Exercise brief: The reply must contain exactly the lines below from the one with "The villa is" down to the one with "This look is", both included, and nothing more; please omit the pictures.

Data extract:
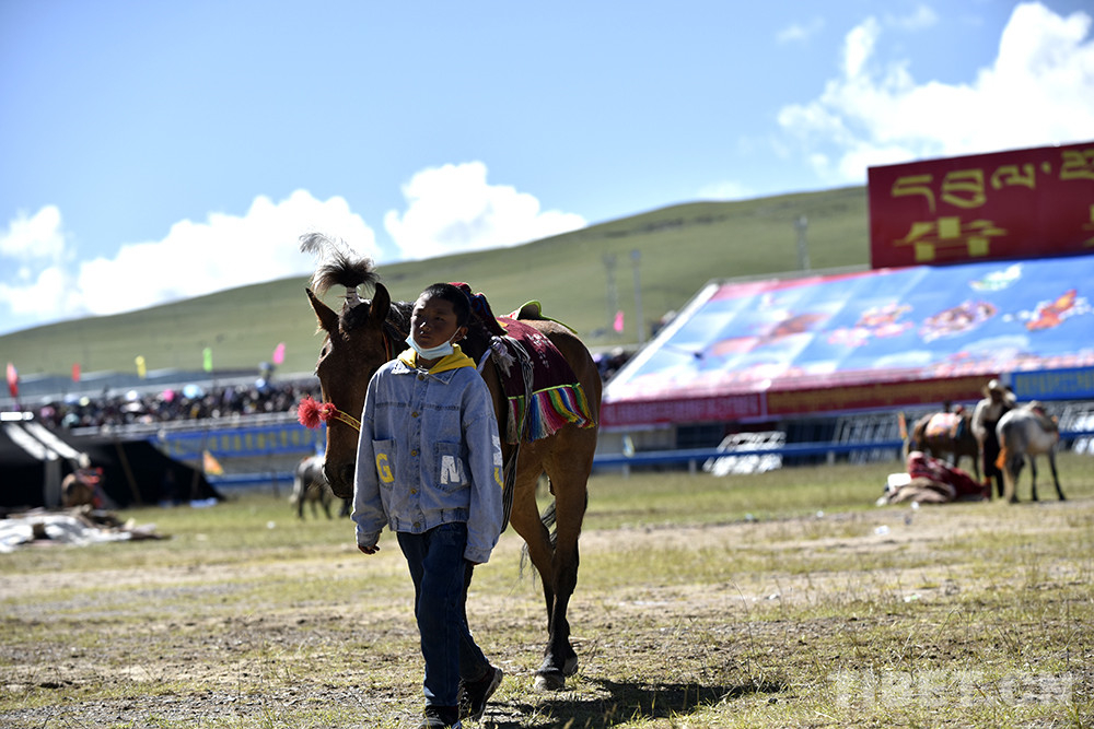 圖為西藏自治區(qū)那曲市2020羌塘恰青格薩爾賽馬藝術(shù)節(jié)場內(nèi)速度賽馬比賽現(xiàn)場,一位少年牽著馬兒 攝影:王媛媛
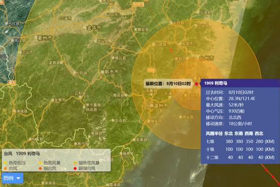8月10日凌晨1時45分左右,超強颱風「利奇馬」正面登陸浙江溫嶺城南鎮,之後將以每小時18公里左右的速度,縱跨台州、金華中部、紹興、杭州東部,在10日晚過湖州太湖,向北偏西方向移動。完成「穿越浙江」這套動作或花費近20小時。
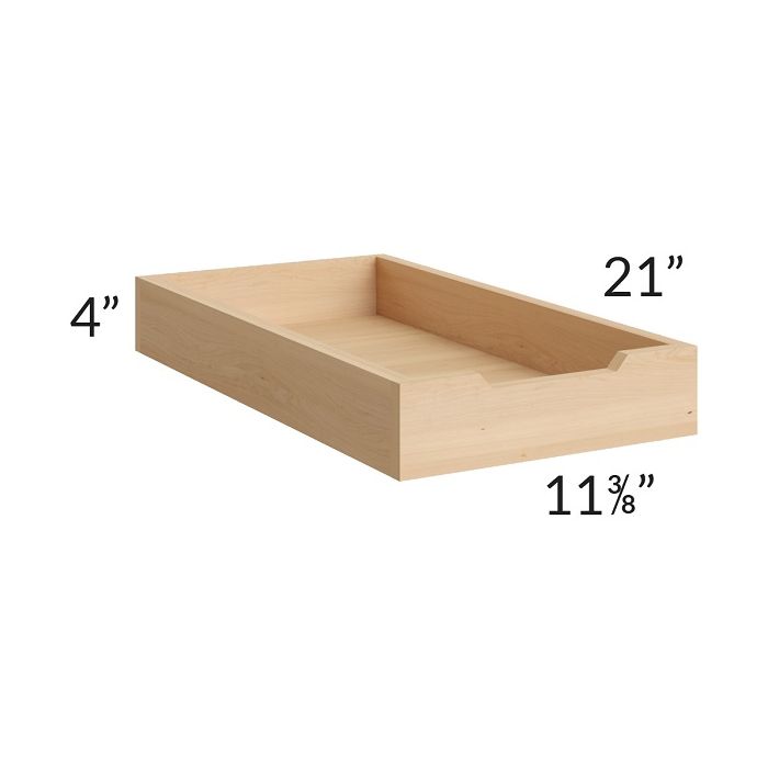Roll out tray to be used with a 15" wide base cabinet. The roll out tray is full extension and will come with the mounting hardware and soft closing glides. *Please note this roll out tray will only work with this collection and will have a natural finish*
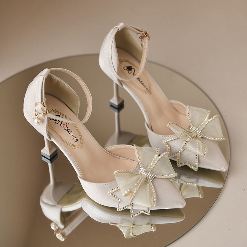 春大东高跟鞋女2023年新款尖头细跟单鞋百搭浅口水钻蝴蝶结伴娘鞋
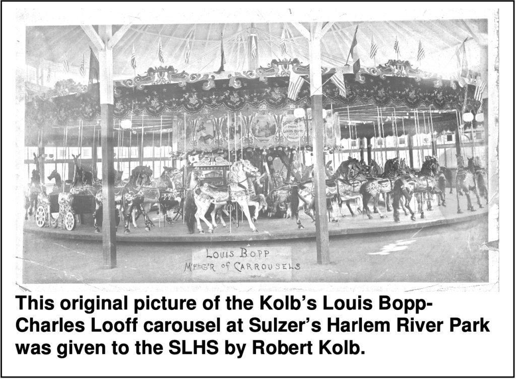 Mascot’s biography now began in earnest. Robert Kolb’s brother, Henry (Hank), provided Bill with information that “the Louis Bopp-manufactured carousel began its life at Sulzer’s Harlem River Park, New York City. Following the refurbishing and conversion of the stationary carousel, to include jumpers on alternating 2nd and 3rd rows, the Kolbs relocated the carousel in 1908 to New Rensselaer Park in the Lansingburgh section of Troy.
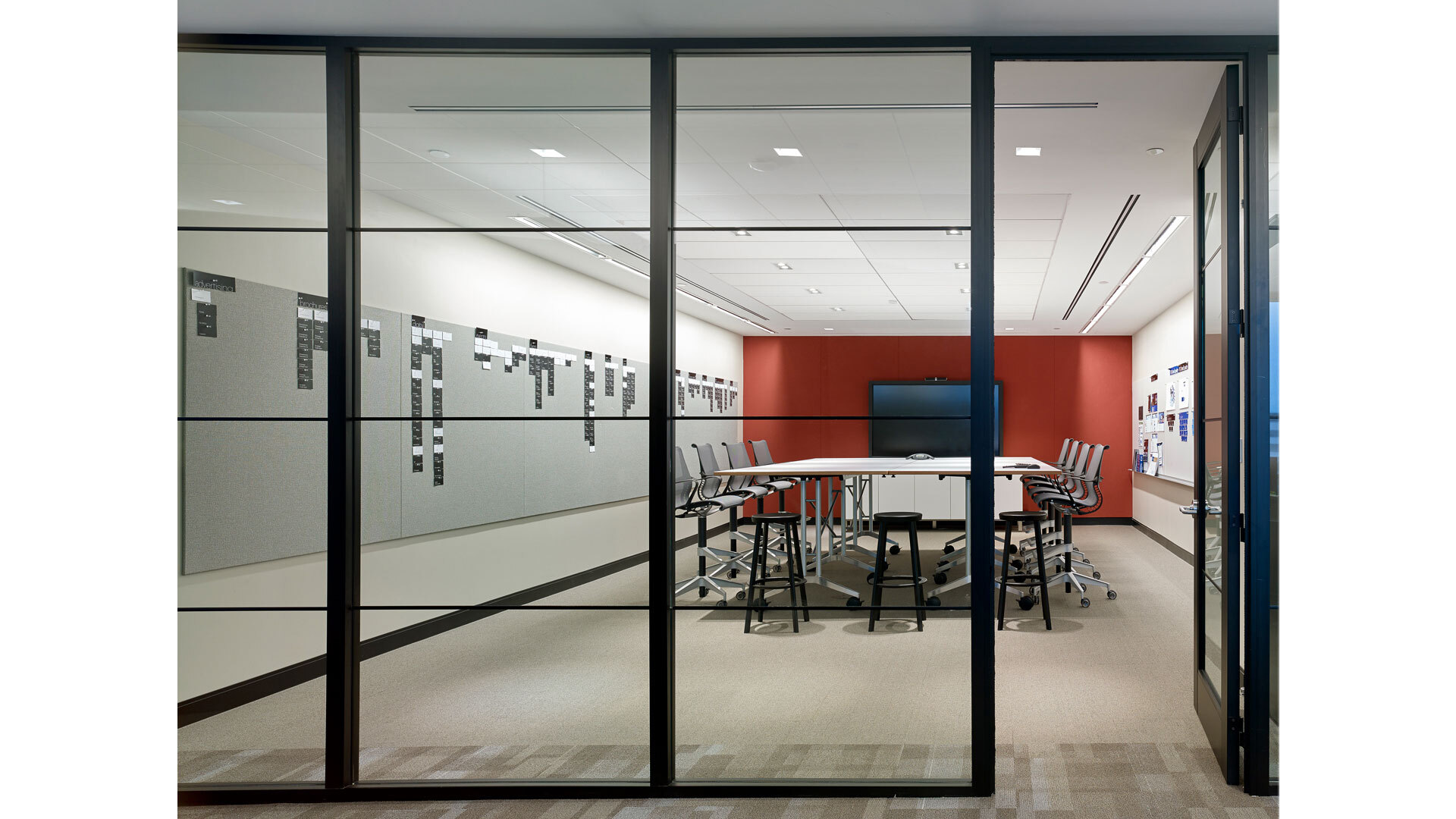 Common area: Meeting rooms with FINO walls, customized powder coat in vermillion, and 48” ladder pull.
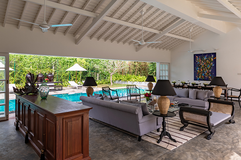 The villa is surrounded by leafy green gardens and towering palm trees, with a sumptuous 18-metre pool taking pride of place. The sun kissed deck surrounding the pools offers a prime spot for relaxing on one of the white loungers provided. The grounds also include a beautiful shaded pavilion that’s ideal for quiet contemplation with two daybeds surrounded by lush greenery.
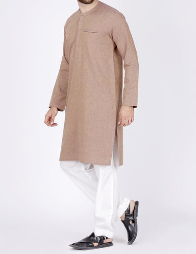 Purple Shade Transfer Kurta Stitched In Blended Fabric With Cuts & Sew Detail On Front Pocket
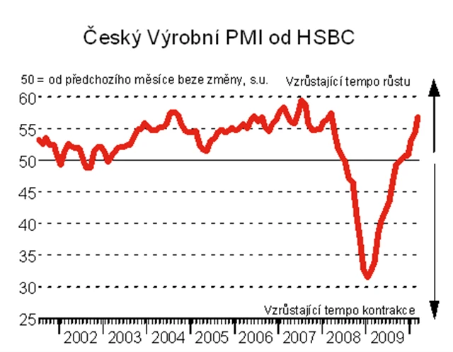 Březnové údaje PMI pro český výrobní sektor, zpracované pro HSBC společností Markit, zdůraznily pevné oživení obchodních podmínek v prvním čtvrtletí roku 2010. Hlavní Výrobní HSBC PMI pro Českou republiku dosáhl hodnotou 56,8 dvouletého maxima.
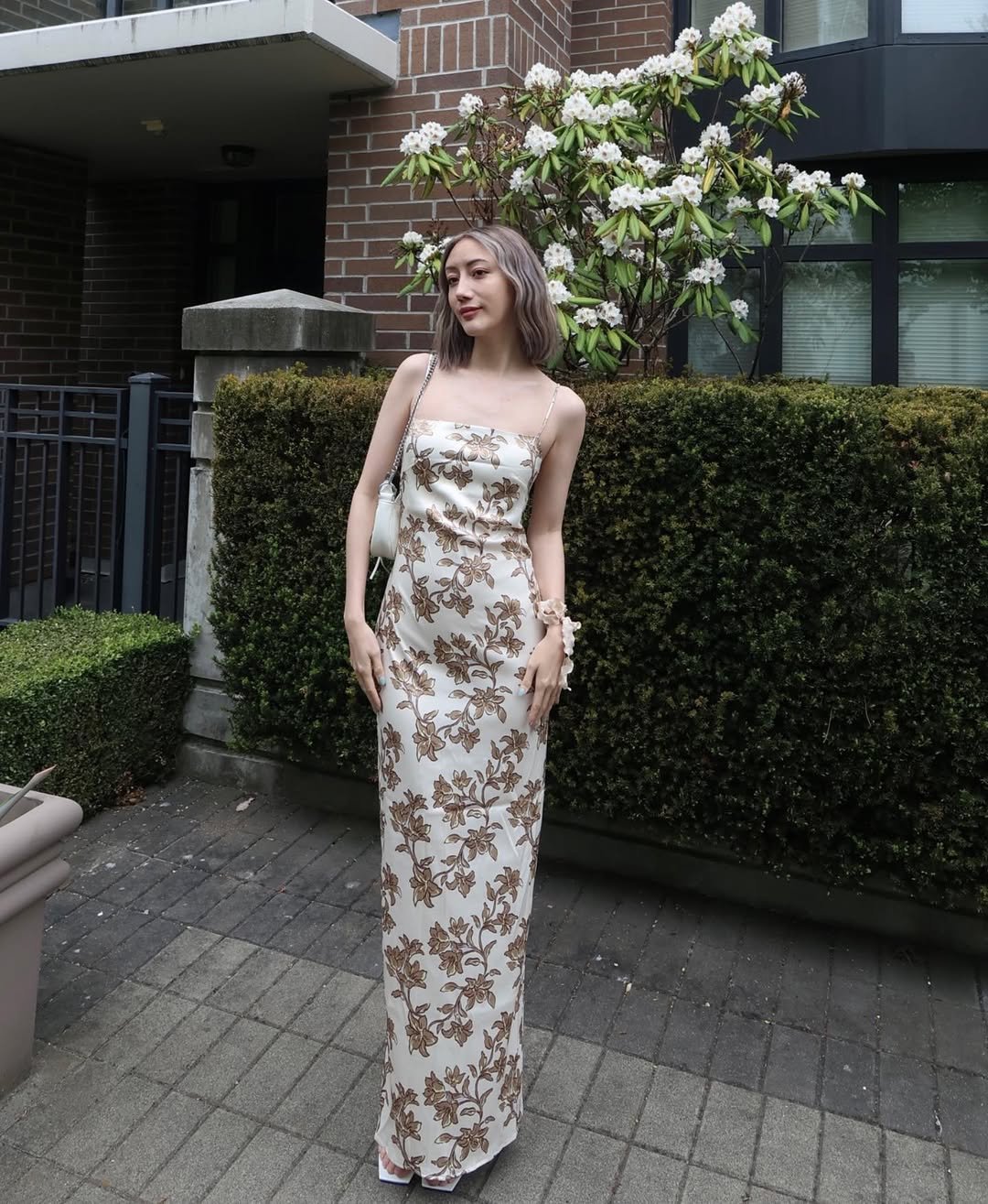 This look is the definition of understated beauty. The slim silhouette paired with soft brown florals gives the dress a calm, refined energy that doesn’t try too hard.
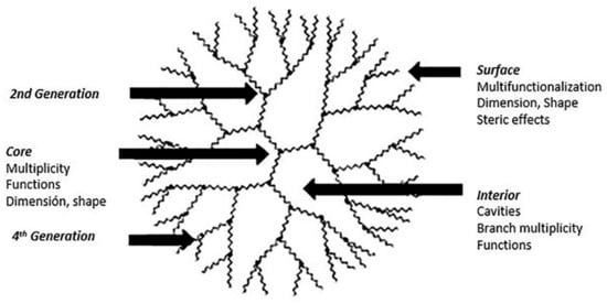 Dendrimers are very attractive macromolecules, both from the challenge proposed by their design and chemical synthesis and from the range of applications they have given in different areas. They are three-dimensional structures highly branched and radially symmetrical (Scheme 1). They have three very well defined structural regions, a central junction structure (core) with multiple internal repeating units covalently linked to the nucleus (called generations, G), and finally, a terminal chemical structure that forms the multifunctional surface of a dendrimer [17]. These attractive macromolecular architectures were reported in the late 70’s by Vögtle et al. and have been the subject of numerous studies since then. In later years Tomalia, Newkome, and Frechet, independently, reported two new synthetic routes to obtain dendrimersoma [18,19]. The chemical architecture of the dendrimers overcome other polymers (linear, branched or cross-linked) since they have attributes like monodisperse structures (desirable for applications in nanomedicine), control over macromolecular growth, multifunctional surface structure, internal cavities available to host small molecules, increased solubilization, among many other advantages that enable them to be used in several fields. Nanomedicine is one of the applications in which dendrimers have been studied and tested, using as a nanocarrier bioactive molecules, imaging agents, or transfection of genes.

Reply:
 The villa is surrounded by leafy green gardens and towering palm trees, with a sumptuous 18-metre pool taking pride of place. The sun kissed deck surrounding the pools offers a prime spot for relaxing on one of the white loungers provided. The grounds also include a beautiful shaded pavilion that’s ideal for quiet contemplation with two daybeds surrounded by lush greenery.
 Purple Shade Transfer Kurta Stitched In Blended Fabric With Cuts & Sew Detail On Front Pocket
 Březnové údaje PMI pro český výrobní sektor, zpracované pro HSBC společností Markit, zdůraznily pevné oživení obchodních podmínek v prvním čtvrtletí roku 2010. Hlavní Výrobní HSBC PMI pro Českou republiku dosáhl hodnotou 56,8 dvouletého maxima.
 This look is the definition of understated beauty. The slim silhouette paired with soft brown florals gives the dress a calm, refined energy that doesn’t try too hard.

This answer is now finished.